Although the study at hand shows what words people use more or less while completing a nested collaborative task, it is not a test of multiscale selection of verbal behavior. The prediction was that there is a pattern in what words participants use to open and close the work on a particular task level because such a pattern presumably makes the verbal interchange, and thus the solution of the task, more effective. Results can be interpreted in a multiscale selection framework, but the absence of such a pattern would not necessarily contradict multiscale selection. A possible reason for the absence of empirical tests of the—for many—convincing multiscale narrative resembles a much-discussed problem of evolutionary theory in general (McCain & Weslake, 2013; Thompson, 1981; Williams, 1973): It is difficult to distinguish whether deriving hypotheses whose test would falsify the idea of nesting is challenging or impossible. In our Tangram task, we defined the levels, but what would motivate the assumption that these nested task levels map onto nested levels in the verbal behavior that accompanied the task? And how could one be sure what parts of the dialogue belong to what level? According to Bangerter and Clark (2003), participants both need to manage the task with help of the dialogue and the dialogue itself whereas different words serve to do one rather than the other. Would that imply two interdependent nesting systems?

Thus, rather than presenting a test aiming at falsification of multiscale theory, my attempt to illustrate a novel approach to the study of verbal behavior sticks to empirically exploring a possible implication of Baum’s (2018) and Rachlin’s (1991) multiscale view on behavioral units of selection. In our study based on the presumed parallels between group selection in phylogeny and behavioral group selection in ontogeny we aimed at seeing whether patterns of verbal responses map on nested levels of a joint task. If the participants give verbal discriminative stimuli signaling transitions between task levels, this suggests that dialogue is constructed in a way that it helps navigation between task levels where effective completion can be assumed to select the occurrence of certain level marker words whose occurrence, in turn, leads to a more effective completion of the task.

The frequency of words occurring at the start and end of each level of a nested activity was analyzed. “Ok” was most frequently spoken at the start of the Whole activity with a decreasing trend from NA1 to NA3. Whereas “Også” / “Og så” (“and” / “and well”) occurred frequently at the start of both NA2 and NA3 and became more frequent as the level of activity decreased. “Ja” (“yes”) was the single most commonly occurring verbal response at both the end of the Whole activity and of each of the nested activities.

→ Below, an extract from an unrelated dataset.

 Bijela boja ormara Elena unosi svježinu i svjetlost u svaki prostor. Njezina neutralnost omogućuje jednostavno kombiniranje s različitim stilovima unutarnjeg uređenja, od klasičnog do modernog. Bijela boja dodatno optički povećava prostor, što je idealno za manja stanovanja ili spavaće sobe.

These patterns may suggest, on the one hand, that the choice of words at the start of a description on a particular level of a task may indeed function to support orientation among levels. On the other hand, the lack of one-to-one correspondence between particular words and onsets of levels leaves it open whether the starting words naturally signal probabilistically what level of description will follow and if patterns would become clearer if the sessions lasted longer. Another possibility is that the lack of clarity in the data arose due to artifacts resulting from our particular data collection such as variability in words used at the start of level due to the participants’ dialects (which can vary largely in Norwegian). It is possible that the common occurrence of “ja” at the end of all levels may mean that it is useful to signal that a level is completed whereas it is unnecessary to restate which one it was because that would not help the matcher with the task.

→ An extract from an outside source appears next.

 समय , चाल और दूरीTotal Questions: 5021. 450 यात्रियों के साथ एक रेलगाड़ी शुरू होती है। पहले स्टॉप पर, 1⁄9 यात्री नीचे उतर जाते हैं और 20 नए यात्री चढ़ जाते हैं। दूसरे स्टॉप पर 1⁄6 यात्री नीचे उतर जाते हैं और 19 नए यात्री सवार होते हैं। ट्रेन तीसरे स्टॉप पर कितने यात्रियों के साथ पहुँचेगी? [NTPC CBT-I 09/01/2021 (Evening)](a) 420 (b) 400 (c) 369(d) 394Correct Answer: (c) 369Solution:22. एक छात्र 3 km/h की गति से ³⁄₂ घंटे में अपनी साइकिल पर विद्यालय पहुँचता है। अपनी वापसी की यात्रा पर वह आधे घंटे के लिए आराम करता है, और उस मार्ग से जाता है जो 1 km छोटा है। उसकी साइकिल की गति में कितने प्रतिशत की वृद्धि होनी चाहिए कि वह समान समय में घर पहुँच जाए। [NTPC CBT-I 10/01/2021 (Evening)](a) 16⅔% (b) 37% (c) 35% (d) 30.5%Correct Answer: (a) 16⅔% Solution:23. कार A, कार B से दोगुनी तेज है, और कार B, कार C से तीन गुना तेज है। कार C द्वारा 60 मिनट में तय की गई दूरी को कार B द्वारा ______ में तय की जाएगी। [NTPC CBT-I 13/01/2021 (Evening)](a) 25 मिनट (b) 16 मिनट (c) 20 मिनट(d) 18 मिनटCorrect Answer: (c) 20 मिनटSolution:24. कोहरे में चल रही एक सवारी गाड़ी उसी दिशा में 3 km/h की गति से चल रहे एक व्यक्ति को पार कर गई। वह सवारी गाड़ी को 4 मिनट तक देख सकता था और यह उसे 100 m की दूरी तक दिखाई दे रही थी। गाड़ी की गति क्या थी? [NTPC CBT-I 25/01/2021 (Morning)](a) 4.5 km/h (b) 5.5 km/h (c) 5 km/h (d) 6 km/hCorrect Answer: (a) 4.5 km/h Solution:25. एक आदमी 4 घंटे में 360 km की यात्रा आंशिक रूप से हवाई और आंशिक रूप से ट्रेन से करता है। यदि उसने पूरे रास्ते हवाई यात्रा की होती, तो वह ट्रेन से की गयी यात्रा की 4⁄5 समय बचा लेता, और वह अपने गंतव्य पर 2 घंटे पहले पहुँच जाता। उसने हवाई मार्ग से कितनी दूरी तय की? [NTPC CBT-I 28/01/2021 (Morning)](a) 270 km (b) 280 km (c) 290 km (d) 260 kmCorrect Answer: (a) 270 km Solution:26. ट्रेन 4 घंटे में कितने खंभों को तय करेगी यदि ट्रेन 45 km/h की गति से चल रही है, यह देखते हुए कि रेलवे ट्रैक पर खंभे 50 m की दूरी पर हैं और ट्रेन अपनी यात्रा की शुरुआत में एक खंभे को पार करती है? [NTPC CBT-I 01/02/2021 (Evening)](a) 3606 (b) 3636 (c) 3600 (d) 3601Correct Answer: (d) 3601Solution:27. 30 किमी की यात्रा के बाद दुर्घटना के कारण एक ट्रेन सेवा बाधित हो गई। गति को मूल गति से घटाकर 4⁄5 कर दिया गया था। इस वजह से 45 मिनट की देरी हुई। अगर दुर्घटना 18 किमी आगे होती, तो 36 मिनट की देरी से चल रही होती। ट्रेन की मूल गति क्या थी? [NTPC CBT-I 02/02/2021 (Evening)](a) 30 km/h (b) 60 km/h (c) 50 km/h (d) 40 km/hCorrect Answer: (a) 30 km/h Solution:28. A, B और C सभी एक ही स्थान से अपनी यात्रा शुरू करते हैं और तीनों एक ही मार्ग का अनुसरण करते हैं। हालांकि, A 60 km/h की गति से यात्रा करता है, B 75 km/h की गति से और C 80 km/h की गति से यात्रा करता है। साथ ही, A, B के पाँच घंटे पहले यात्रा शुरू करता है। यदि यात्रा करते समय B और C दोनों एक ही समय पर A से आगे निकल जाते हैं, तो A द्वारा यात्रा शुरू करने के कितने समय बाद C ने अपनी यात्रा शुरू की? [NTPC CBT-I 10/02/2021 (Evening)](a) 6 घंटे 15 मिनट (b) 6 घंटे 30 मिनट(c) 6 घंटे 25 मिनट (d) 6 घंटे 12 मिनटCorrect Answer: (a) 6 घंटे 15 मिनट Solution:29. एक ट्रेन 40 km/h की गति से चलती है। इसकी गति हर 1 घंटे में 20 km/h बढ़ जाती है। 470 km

Our observation that the Whole activity is most reliably started with the same words (“ok”, “ja”) whereas the lower levels started most frequently with “også,” is in line with Bangerter and Clark’s (2003) finding that most higher-level projects were reliably started with “okay” whereas the lower levels were less distinguishable by use of a “project marker.” At the same time, most of our participants used the same word to start all lower-level projects whereas Bangerter and Clark observed less consistency.

This exploratory study is descriptive in nature, by design not allowing for causal conclusions. It is thought to provide a design that will generate data which are a prerequisite for future studies that can uncover causal relations. In such a future study, participants could, for example, speak to confederates who use the marker words “incorrectly” or omit them in half of the trials. If these words actually function as discriminative stimuli signaling the onset or completing of a new level, the “incorrect” use of them should lead to less effective cooperation on the task in half of the trials. All pairs used both less time and spoke fewer words over the course of the trials in our study, which may be a sign of increasing effectivity and skillfulness when being more experienced in solving the task. This trend should be weaker, absent or in the opposite direction when incorrectly using the marker words collected in the study at hand.

To be sure, our design did not allow for finding selection effects at more than one level. The data could also be interpreted without the theory that frames the article. As an example, the increase of “også”/”og så” across nested levels to mark the beginning of working on a lower level tangram part, can be interpreted as an increase in either the tacting of task incompleteness or manding for continued activity on a task. A test of implications of the multiscale view based on the findings of this study showing what words typically occur when Norwegian speakers start working on a particular level of our tangram task, would show that successful completion of the task on one level affected behavior on more than one level.

Multiscale theory has most explanatory power when the consequences on a lower level are opposite to the consequences on a higher level into which the lower level is nested. That is, selection pressure acts in two opposite directions. This is the case when selfish behavior of individuals outcompetes altruistic behavior of individuals whereas altruistic groups (consisting of individuals) outcompete selfish groups (consisting of individuals, Wilson, 2015). Questions of self-control also follow this pattern, when individual acts (such as of drinking alcohol, eating candy, doing drugs, smoking cigarettes) are reinforced whereas extended patterns of these acts (frequent consumption of alcohol, candy, drugs, cigarettes) are punished by the consequences of addiction (Rachlin, 2004). I would like to invite the community to design an experiment testing the effects of selection pressure in opposite directions on nested units of verbal behavior because this would be one way to go about collecting empirical support for or against multiscale selection. Despite the weaknesses of the particular study presented here, I hope that this first attempt of an application of the multiscale view will spark a conversation on how to further develop the study of verbal behavior informed by evolutionary theory.